§ **Your goal**
Transcribe exactly, and only, the lines from the one containing "Die Aktie von" through the end of the entries below, leaving the pictures out.

§ **Records provided**

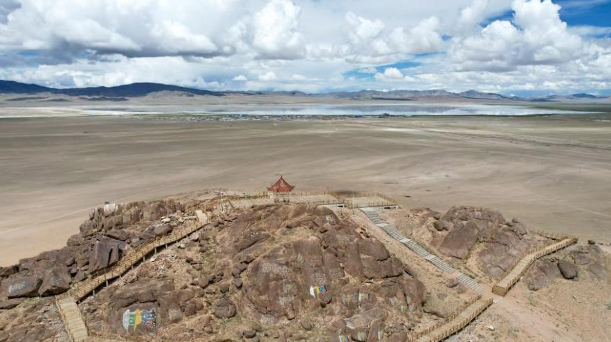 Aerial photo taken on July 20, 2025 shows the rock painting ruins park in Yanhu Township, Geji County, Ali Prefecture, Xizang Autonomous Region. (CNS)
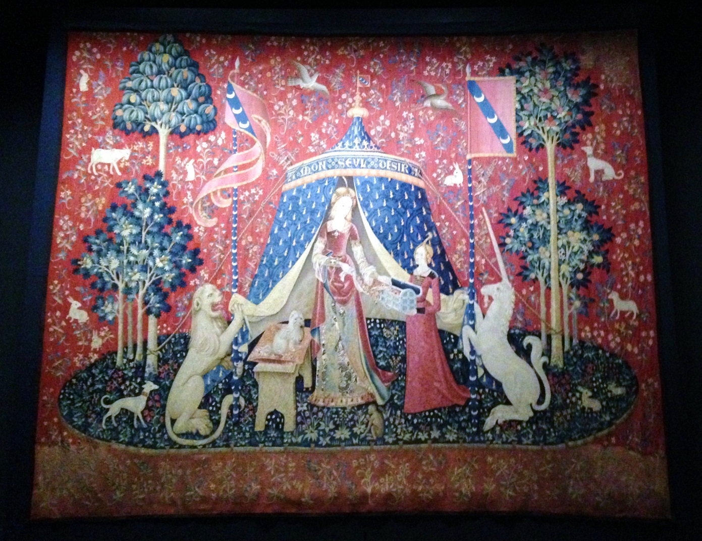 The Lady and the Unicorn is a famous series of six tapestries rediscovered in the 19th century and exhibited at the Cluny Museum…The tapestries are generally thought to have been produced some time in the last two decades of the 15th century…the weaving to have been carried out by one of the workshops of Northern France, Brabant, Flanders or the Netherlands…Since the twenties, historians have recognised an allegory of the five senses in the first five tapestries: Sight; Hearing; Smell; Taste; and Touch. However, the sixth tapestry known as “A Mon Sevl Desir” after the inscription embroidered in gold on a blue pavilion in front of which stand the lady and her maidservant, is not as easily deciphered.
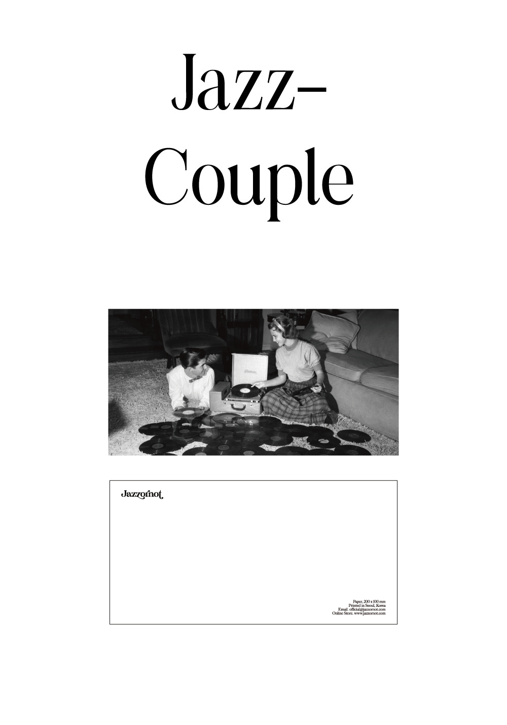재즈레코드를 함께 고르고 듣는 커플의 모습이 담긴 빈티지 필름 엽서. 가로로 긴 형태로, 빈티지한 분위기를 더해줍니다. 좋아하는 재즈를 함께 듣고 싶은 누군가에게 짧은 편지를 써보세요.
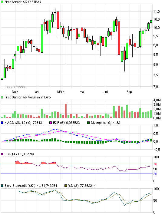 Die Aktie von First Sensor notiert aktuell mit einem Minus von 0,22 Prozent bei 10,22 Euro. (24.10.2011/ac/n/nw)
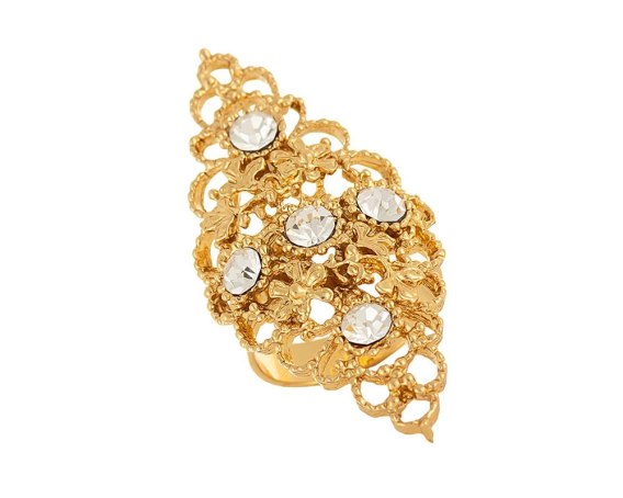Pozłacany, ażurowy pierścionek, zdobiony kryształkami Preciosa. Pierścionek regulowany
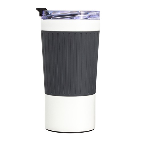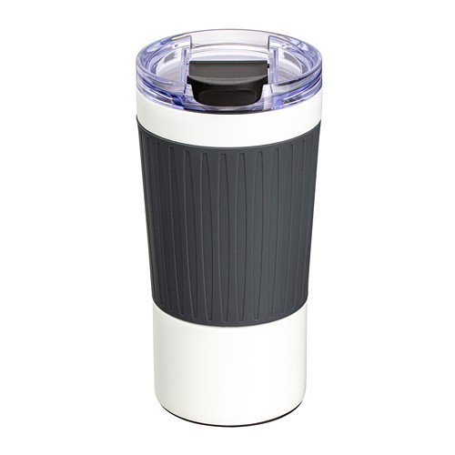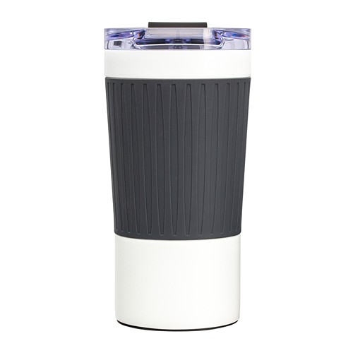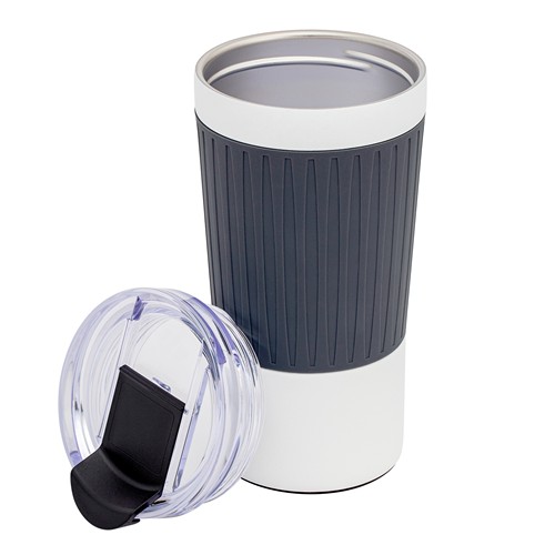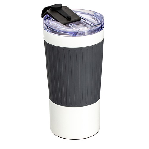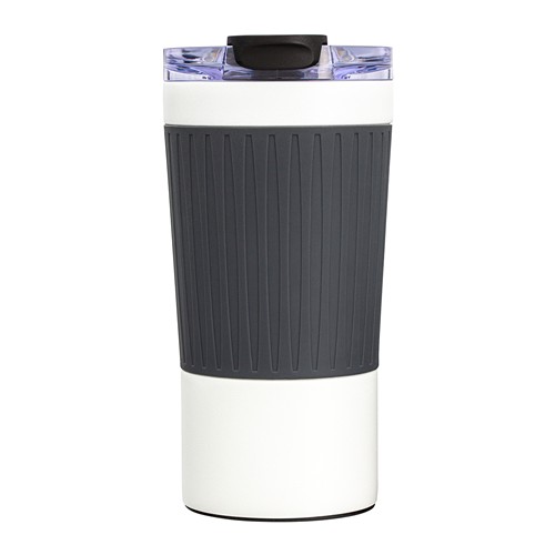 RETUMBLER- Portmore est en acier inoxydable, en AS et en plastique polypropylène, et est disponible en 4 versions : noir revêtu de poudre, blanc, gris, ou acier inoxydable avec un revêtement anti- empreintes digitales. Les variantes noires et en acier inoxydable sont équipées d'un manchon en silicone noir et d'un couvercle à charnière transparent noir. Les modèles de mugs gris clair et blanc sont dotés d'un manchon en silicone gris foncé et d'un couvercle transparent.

§ **Written answer**
 Die Aktie von First Sensor notiert aktuell mit einem Minus von 0,22 Prozent bei 10,22 Euro. (24.10.2011/ac/n/nw)
Pozłacany, ażurowy pierścionek, zdobiony kryształkami Preciosa. Pierścionek regulowany
 RETUMBLER- Portmore est en acier inoxydable, en AS et en plastique polypropylène, et est disponible en 4 versions : noir revêtu de poudre, blanc, gris, ou acier inoxydable avec un revêtement anti- empreintes digitales. Les variantes noires et en acier inoxydable sont équipées d'un manchon en silicone noir et d'un couvercle à charnière transparent noir. Les modèles de mugs gris clair et blanc sont dotés d'un manchon en silicone gris foncé et d'un couvercle transparent.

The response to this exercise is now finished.